Once Salve was down with a sore throat and fever, was tested for COVID-19 (on her lawyer’s insistence), she was moved to a separate quarantine facility set up inside a school, a little way from Byculla prison. Salve was one of the 40 women prisoners to have tested positive at Byculla prison in April. 

Byculla prison. Photo: PTI/File

‘Several adults in a room made for children’

This quarantine centre is little more than a small room inside the school, accommodating 30-35 women prisoners who have tested COVID-19 positive. The room is crammed and with very little space to relax. Designed for school children, the room is unfit for stay, both prisoners and lawyers complain.  

Also read: Token Temporary Measures to Decongest Prisons Can’t Save Inmates from COVID-19

Mihir Desai, a senior counsel, who is also an amicus curiae in the ongoing suo motu petition before the Bombay high court for decongestion of over 60 prisons of Maharashtra says that most of these quarantine facilities set up in schools have inadequate toilet facilities. “Most of them are municipal schools with just one or two toilets at best. Before the pandemic, these toilets were used by young school children who spent just a few hours in school. And now you have several adults, who have to use it through the day,” says Desai. 

It is not just the Byculla prisons.
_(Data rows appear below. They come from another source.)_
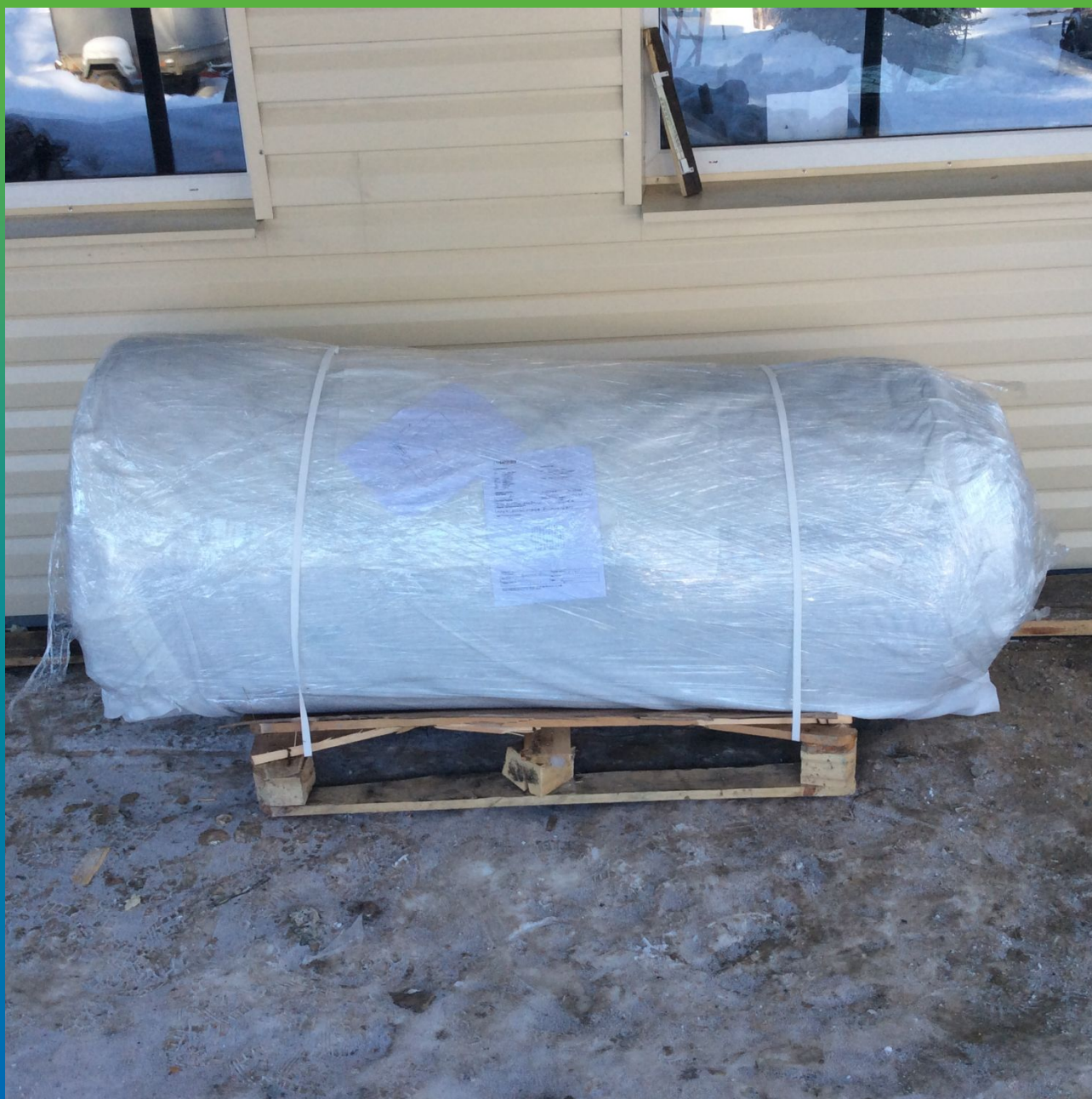
ЭПДМ мембрана Преласта СТ 1.2мм на объекте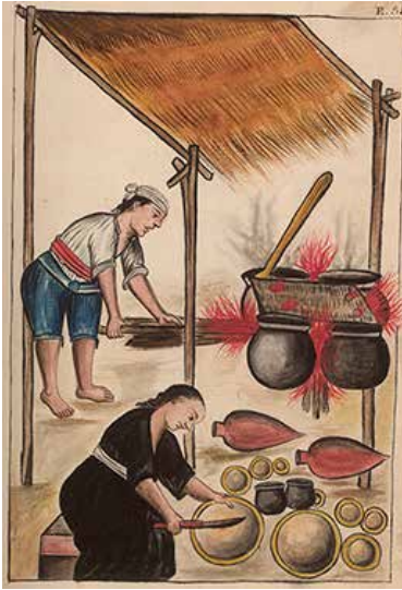
Preparación de la chicha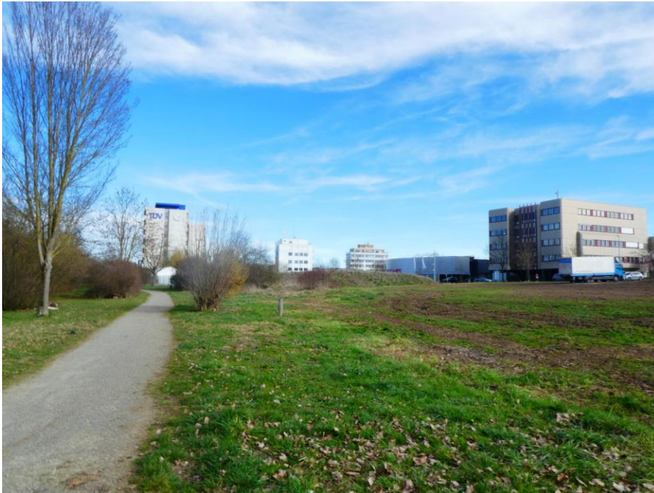
Abbildung 4: Grünland südlich Fußweg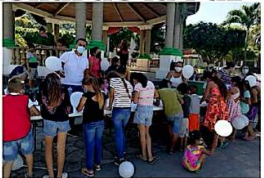
Ayer en Aguila, niñas y niños conmemoraron, pintando, el Día Internacional de la Paz.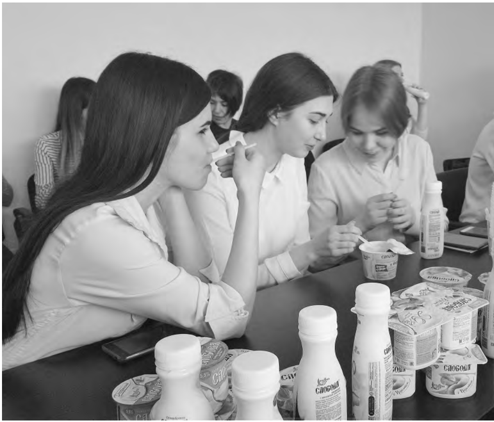
Студенты дегустируют йогурты торговой марки «Слобода».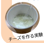
チーズを作る実験

◆月イチ☆ヒロバ 移動プラネタリウム 日 時 3月25日（土）①10時～②11時～ 参加費 無料 定員 各回20名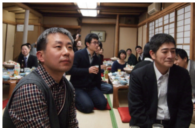
▲ Also took part in the end of year party

He said that collective landscapes can be formed by the different people and the different ideas that we encounter daily. Personal Landscapes are formed from an individual's personal perspective on the things around him. For example, for him, some of the thoughts that come to mind when he thinks of different countries are Netherlands (land vs nature), Thailand (happiness, smiling) and Taiwan (guesthouse). Some of his travel thoughts are that landscape plays an important role in changing a person's mental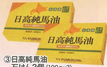
③日高純馬油 石けん2個 (100g x 2)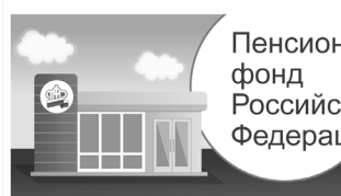
Пенсионный фонд Российской Федерации

Early last month, the state prison authority had informed the Bombay high court that 44 different quarantine facilities have been set up across the state. This is at least eight more than what was set up last year soon after the first wave of the COVID-19 pandemic. But unlike last year, most facilities this year were arranged within the prison premises.

At these centres, every prisoner who has to travel outside for reasons including health, is kept separately for around seven days. This segregation, in principle, might be a scientific option but it is not well thought out. The unliveable condition inside these quarantine centres has pushed prisoners away from accessing health facilities outside the jail. 

Since the COVID-19 outbreak last year, as many as 44 prisons have reported infections. According to jail officials, a total of 4,049 prisoners have been infected since March last year. Of them, 3,864 have already recovered, 13 have died and there are at least 172 active cases across different prisons. 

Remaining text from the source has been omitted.